JustNobody hat gesagt.:


> Ach ja: wenn du die Styles in einem css festlegst, dann solltest du das generell so handhaben. Also keine Style Angaben mehr im html selbst.
> 
> Dann ist es empfehlenswert, den Elementen auch Klassen und ggf. Ids zu geben.
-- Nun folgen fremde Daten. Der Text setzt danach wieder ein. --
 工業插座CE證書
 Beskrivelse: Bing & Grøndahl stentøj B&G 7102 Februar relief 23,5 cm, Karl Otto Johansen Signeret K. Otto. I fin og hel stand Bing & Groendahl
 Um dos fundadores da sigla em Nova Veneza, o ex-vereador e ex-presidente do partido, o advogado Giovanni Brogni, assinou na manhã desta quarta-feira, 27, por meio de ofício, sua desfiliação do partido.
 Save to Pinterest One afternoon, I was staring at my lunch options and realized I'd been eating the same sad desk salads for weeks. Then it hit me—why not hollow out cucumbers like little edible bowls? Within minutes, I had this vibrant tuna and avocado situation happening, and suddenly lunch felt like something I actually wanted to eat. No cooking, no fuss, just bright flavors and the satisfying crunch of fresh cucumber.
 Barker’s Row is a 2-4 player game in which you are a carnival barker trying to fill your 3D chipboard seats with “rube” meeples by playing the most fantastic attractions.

Danke sehr für die Antwort aber ich bin ganz am Anfang netto vielleicht 4 Stunden am HTML und CSS üben will direkt ein Projekt starten um learning by doing zu Publizieren. Gebe dir da 100Prozent recht aber so weit bin ich noch nicht will jetzt erst einmal diese Hürde schaffen.


----------



## PhilipMJNE (16. Okt 2020)

Welchen Namen brauche ich den ? Die Namenserweiterung macht Windows ja selbst.


----------



## mihe7 (17. Okt 2020)

PhilipMJNE hat gesagt.:


> Welchen Namen brauche ich den ? Die Namenserweiterung macht Windows ja selbst.


Wenn Du Dich an


JustNobody hat gesagt.:


> Tipp: Stell beim Explorer ein, dass er bekannte Endungen nicht ausblenden soll.
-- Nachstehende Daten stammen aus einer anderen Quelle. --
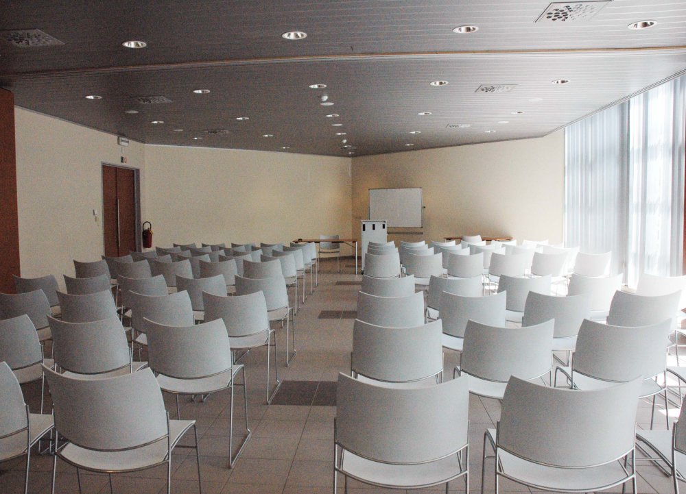 Het auditorium is een modulaire ruimte die in een deel (groot) of twee delen (A of B) gebruikt kan worden.
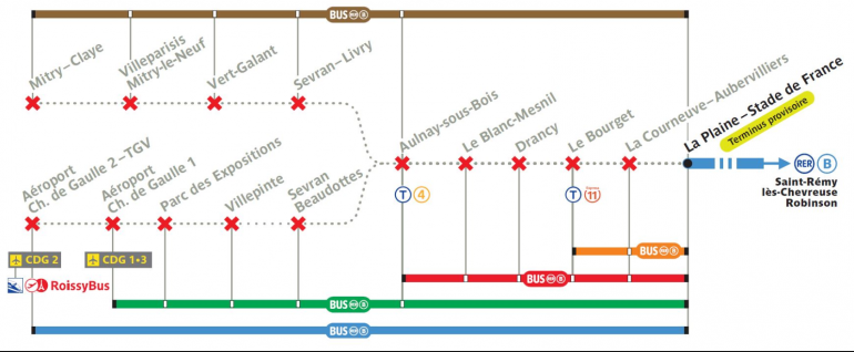Pour se rendre à la Courneuve-Aubervilliers, à l'Aéroport Charles-de-Gaulle 2, à Mitry-Claye ou aux arrêts situés entre ces stations du RER B, cinq services de bus sont mis en place dans les deux sens (voir illustration ci-dessous) au départ de la Plaine-Saint-Denis et de Charles-de-Gaulle 2.
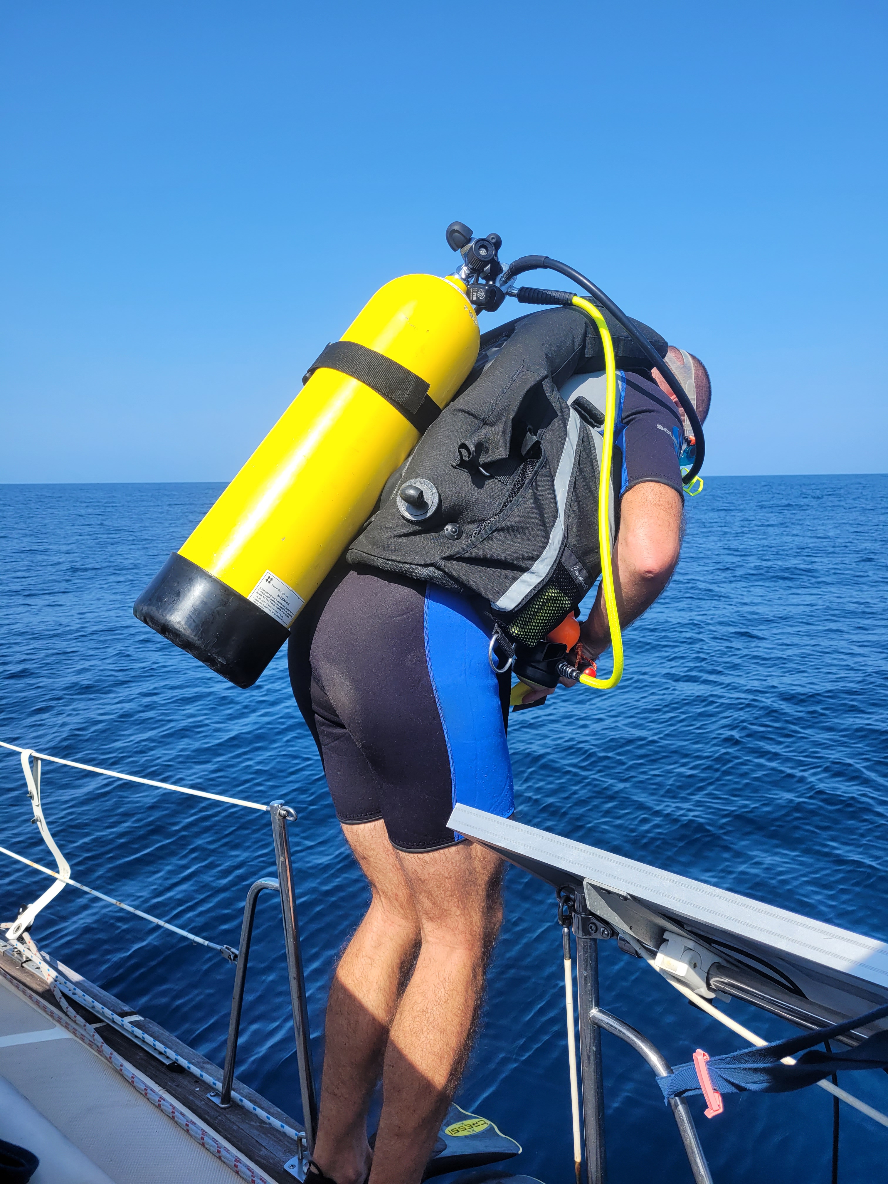 On 23rd February, with bilges bulging with provisions, we were escorted out of La Playita anchorage by a pod of Pacific bottlenose dolphins. We anchored overnight off Isla Taboga in order to scrub Mowzer’s bottom, removing all barnacles and soft growth, a requirement for our next destination, The Galapagos, 1000nm to the West.

hältst, kannst Du die Endung auch selbst ändern.


----------



## PhilipMJNE (17. Okt 2020)

mihe7 hat gesagt.:


> Wenn Du Dich an
> 
> hältst, kannst Du die Endung auch selbst ändern.
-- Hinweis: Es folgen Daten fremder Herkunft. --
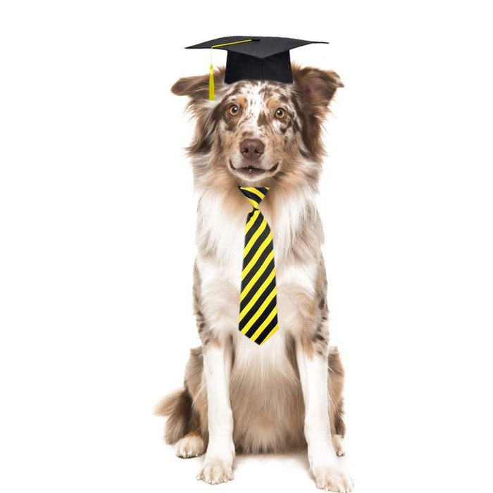 Have a labradoodle who's about to graduate MIT with a bachlors in Chemical Engineering? Well, then you definitely need to snag this self-adhesive pet mortarboard and necktie combo! Just remember to take deep breaths and stay calm when Scruffles later tells you he wants to take a year off to pursue improv. And then proceeds to both eat and vomit up his tassel.
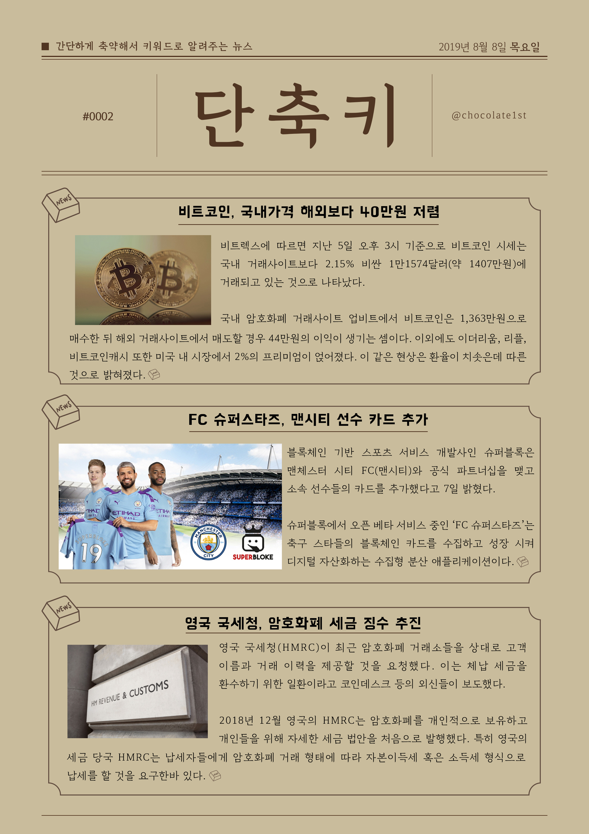간단하게 읽는 뉴스 단축키 #0002chocolate1st (63)in #sct • 7 years ago 오늘은 가을의 시작을 알리는 입추입니다. 그런 거 치고는 여전히 날이 덥네요. 모두들 건강 조심하시고, 시원한 하루 되시길. :) 간단하게 읽는 뉴스 단축키 #0002 written by @chocolate1st #jjm #mini #zzan #liv #palnet #steemleo #union
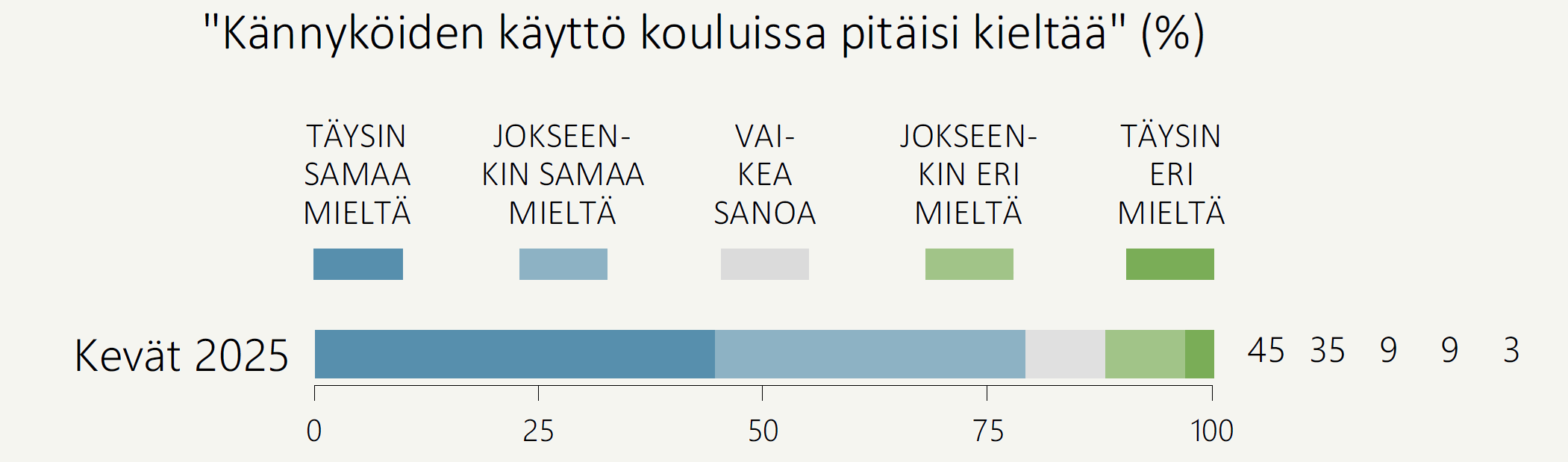 Hallitus päättikin loppuvuodesta 2024 älylaitteiden käyttörajoituksista oppitunneilla. [6] Tämä ei suomalaisten mielestä riitä, sillä 80 prosenttia suomalaisista on sitä mieltä, että kännyköiden käyttö kouluissa pitäisi kieltää (Kuvio 2). Vain 12 prosenttia ei kieltäisi kännyköiden käyttöä kouluissa ainakaan kokonaan.

Kannst du mir den vielleicht mal Zeigen wie genau das geht?


----------



## PhilipMJNE (17. Okt 2020)

Probiere jetzt schon ewig rum und habe Frust würde auch meinen Desktop über Skype Zeigen.


----------



## mihe7 (17. Okt 2020)




----------



## M.L. (17. Okt 2020)

PhilipMJNE hat gesagt.:


> HTML CSS JavaScript und C#


Für später sollte man sich TypeScript (JavaScript mit statischer Typisierung) und ASP.NET Core anschauen.
Aktueller dürften aber "Visual Studio Code" (neben Atom) als IDE, die "Chrome Developer Tools" und "Web Entwickler" (Plugin für Firefox) sein.


----------



## kneitzel (17. Okt 2020)

M.L. hat gesagt.:


> Für später sollte man sich TypeScript (JavaScript mit statischer Typisierung) und ASP.NET Core anschauen.
> Aktueller dürften aber "Visual Studio Code" (neben Atom) als IDE, die "Chrome Developer Tools" und "Web Entwickler" (Plugin für Firefox) sein.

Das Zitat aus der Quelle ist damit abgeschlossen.